Wires vs Pipes
"Underlying the policy debate on energy is a fault line – a chasm between two basically different approaches. Not the usual one between big centralized and small decentralized energy, although that is part of it. This goes deeper. It concerns the basic, often unspoken, assumption that electricity is the key energy vector. We have the idea that electrification is modernization. It’s not just Lenin who said that, it’s everyone ever since, everywhere. It made sense. Electricity was clean, fast, controllable, and it has become increasingly valuable [..].
However, there is another viewpoint from which these possible new electric-power-demand-boosting developments do not look such good news. It’s based on a rival assessment of what makes sense in terms of meeting energy needs — the use of gas as an energy vector. This option is claimed to be more efficient and less costly than electricity for heating, and possibly for other purposes [..].
It is certainly easier to transmit gas with lower energy losses. And it can be stored, unlike electricity. In the UK gas is the main source of heat. With heating demand being high at times, the UK gas grid carries about four times more energy than the electric power grid. That is why some say it is foolish to try to switch over to electric heating — the power grid could not cope without massive expansion [..]

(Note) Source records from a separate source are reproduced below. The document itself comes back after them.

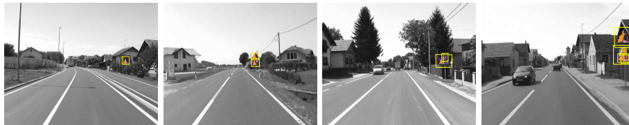
Fig. 3. Localization results: first two images depict the successful operation of our approach. The positively scored patches corresponding to different visual words are shown in different colors. The second two images show examples of false alarms.

patch locations is much larger. An interesting area of application might be a weakly-supervised multi-class object localization, e.g. multi-class traffic signs. To the best of our knowledge, prominent commercial real-time systems detect a single type of sign at a time [28] (e.g. speed limits). As for the choice of the spatial models, both SFV and SH take approximately 0.2 s per image. In comparison to SH, the SFV includes the computation of the gradient w.r.t. spatial GMM. However, the SFVs can be precomputed due to (i) the known size of the local neighbourhood, and (ii) fixed GMM shared across all component pairs. Thus, by using SFV we benefit both from accuracy and speed.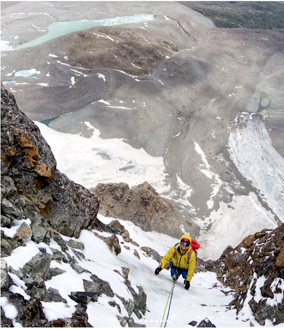
Climbing on the north face of Turgun.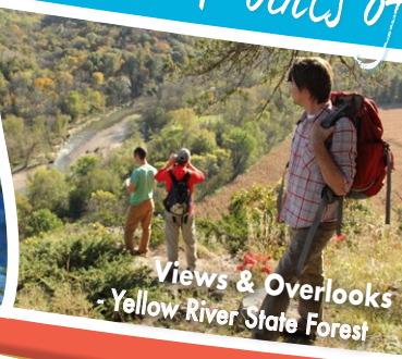
Views & Overlooks Yellow River State Forest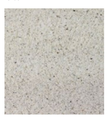
Sto RFP Sponge: Coloured course grained render.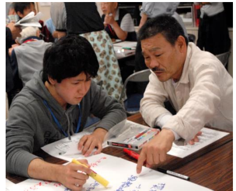
Brainstorming new ideas for neighborhood development in Mano.

Community-based planning can play a critical role in expediting the recovery process and contributing to resiliency. In the context of post-disaster rebuilding, many communities feel that the recovery plans created continue to ignore disparities in services and infrastructure that existed before the natural disaster event occurred, and saw such an event as an opportunity to reform and rebuild in a way that can resolve such issues. Because community members can identify the specific needs and priorities of their neighbors better than government officials, their input is invaluable in developing recovery plans. More importantly, the successful implementation of a recovery plan requires the support of community members. If a government entity creates a recovery plan that does not adequately address the community's goals, then it will face resistance and gridlock, slowing the recovery process. New Orleans faced such an issue after Hurricane Katrina and consequently developed and discarded multiple recovery plans.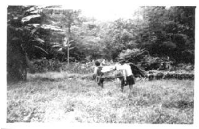
East Semai funeral, 1962 see Dentan 1979 "The Semai," 2<sup>nd</sup> ed.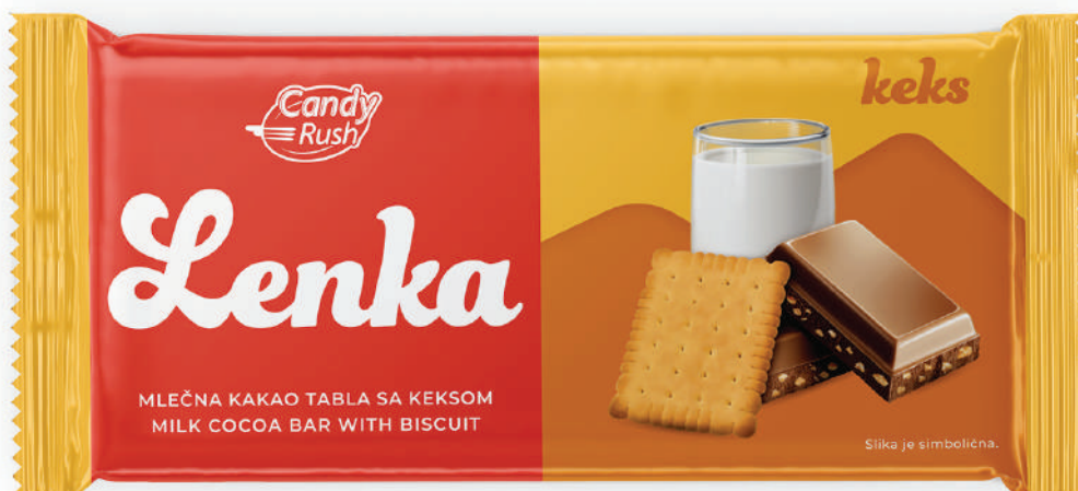
CANDY RUSH BISCUIT MILK COCOA BAR 100g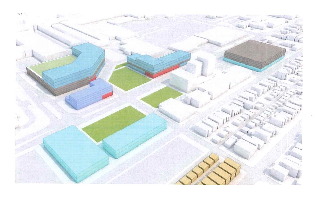
EXHIBIT B Preliminary Development Plan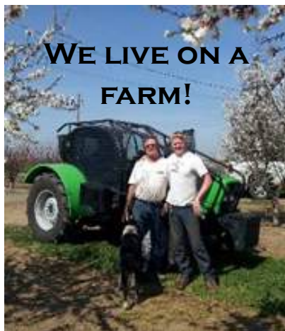
WE LIVE ON A FARM!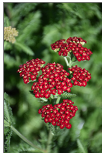
Sassy Summer Sangria Yarrow flowers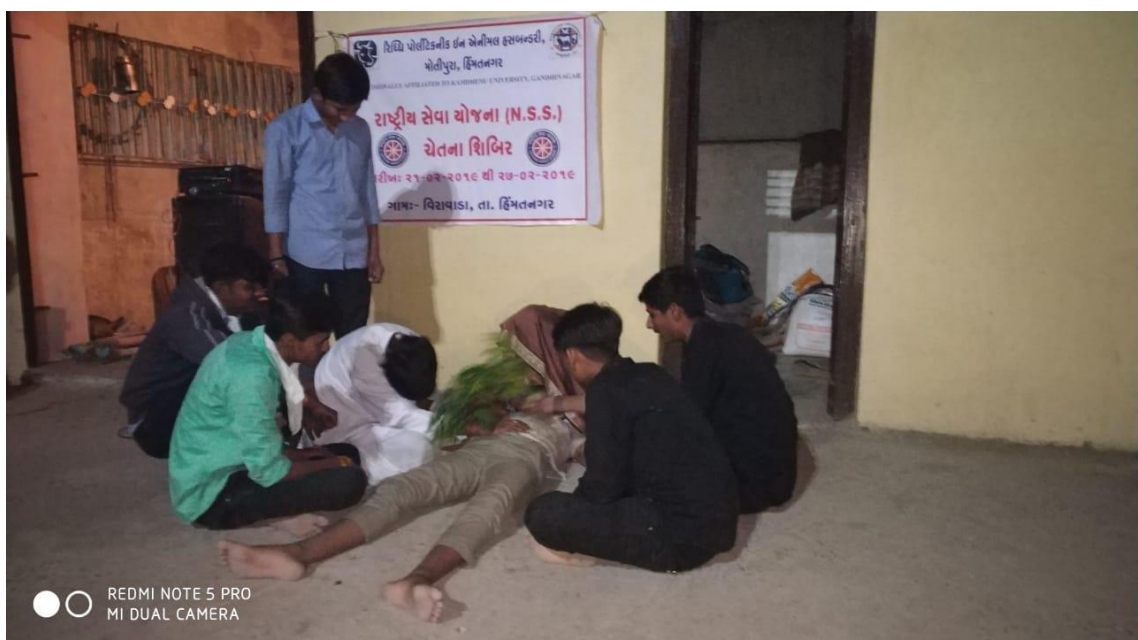
Cultural Activities at Evening Program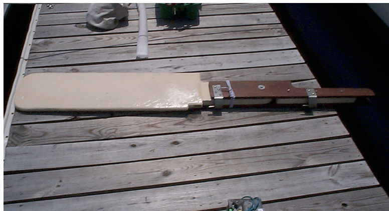
a81. A fabricated replacement rudder before installation.

One mistake that I did make was trusting the people at Lowes who said this was exterior plywood... it wasn't, as the trailing edge of my rudder began to separate after about a month in the water. It was fairly easy to correct with a little more gorilla glue and some epoxy and glass over the trailing edge.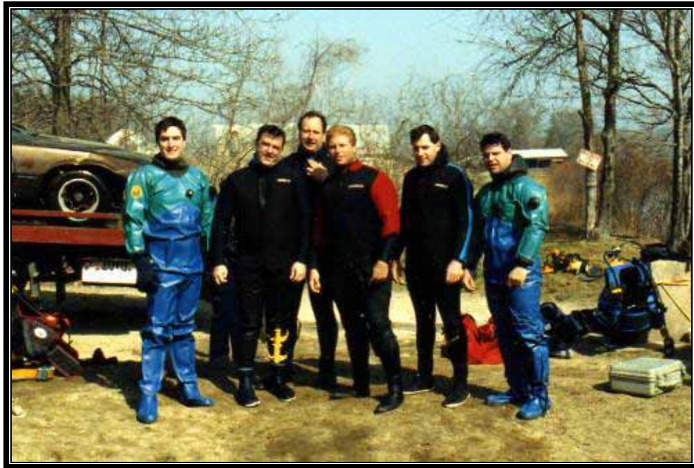
Cranston police divers at the Curran Reservoir after recovering a stolen car. March 16, 1990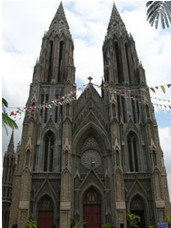
St Philomena's Church.

After lunch, drive to Srirangapatna (visit the tomb of Tipu Sultan and the magnificent 11th century Ranganathaswami temple). Continue journey to Bangalore.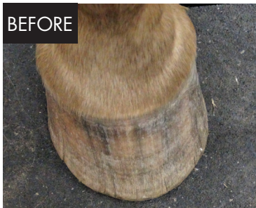
Right front - before. Note this foot is narrower than the left front.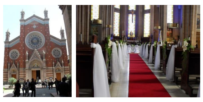
Figure 1. Saint Antuan Church under conservation, Istanbul

Gothic style is used for tourism purposes as well as its original function (Atıcı and İnceoğlu, 2020) (Figure 1).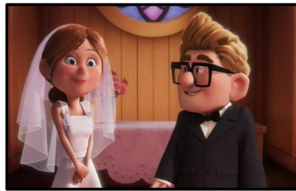
Figures 1a) and 1b)- images from a montage in Disney Pixar’s “UP”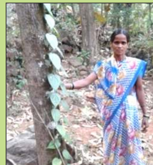
Promotion of Spice Plantation along with Bamboo resource development.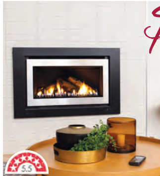
950 Natural Gas Fire Place

Provide a Rinnai 950 - K952 Natural Gas Fireplace to external wall of the lounge room & approx. 150mm from Slab level. Consist of additional framed and Plasterboard lined wall approx. 1800mm x 600mm, Horizontal flue with a choice of black on black fascia or stainless steel on black fascia and Logset or Ceramic Stones.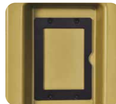
A6 Name Plate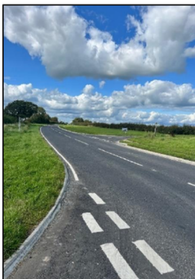
Downpatrick Road, Ardglass

We have a polarity of views – essentially between backers of 'pipes and 'wires'. Moving the context to the climate debate, the electric wire lobby says the energy system can best be decarbonized by sending power from wind, solar and other renewables to energy users down wires, including for heating and for charging electric vehicles (EVs). The pipe lobby says that, for heating, it makes more sense to stay with the gas grid and standard appliances but switch over to green gas. That way, you don’t have to make many changes whereas to use electricity efficiently you would have to install expensive heat pumps in every house. Green gas can also be used for vehicles, as compressed natural gas already is"
"Longer-term, a hydrogen pipeline network offers the most cost-efficient means of distribution. For example, pipelines can transmit 10 times the energy at one-eighth the costs associated with electricity transmission lines and have capex costs similar to those for natural gas. The industry can partially reuse existing gas infrastructure, but even newly constructed pipelines would not be cost prohibitive (assuming leakage and other safety risks are properly addressed). For example, we estimate the cost to transport hydrogen from North Africa to central Germany via pipeline could amount to about USD 0.5 per kg of H2 – less than the cost difference of domestic renewable hydrogen production in these two regions"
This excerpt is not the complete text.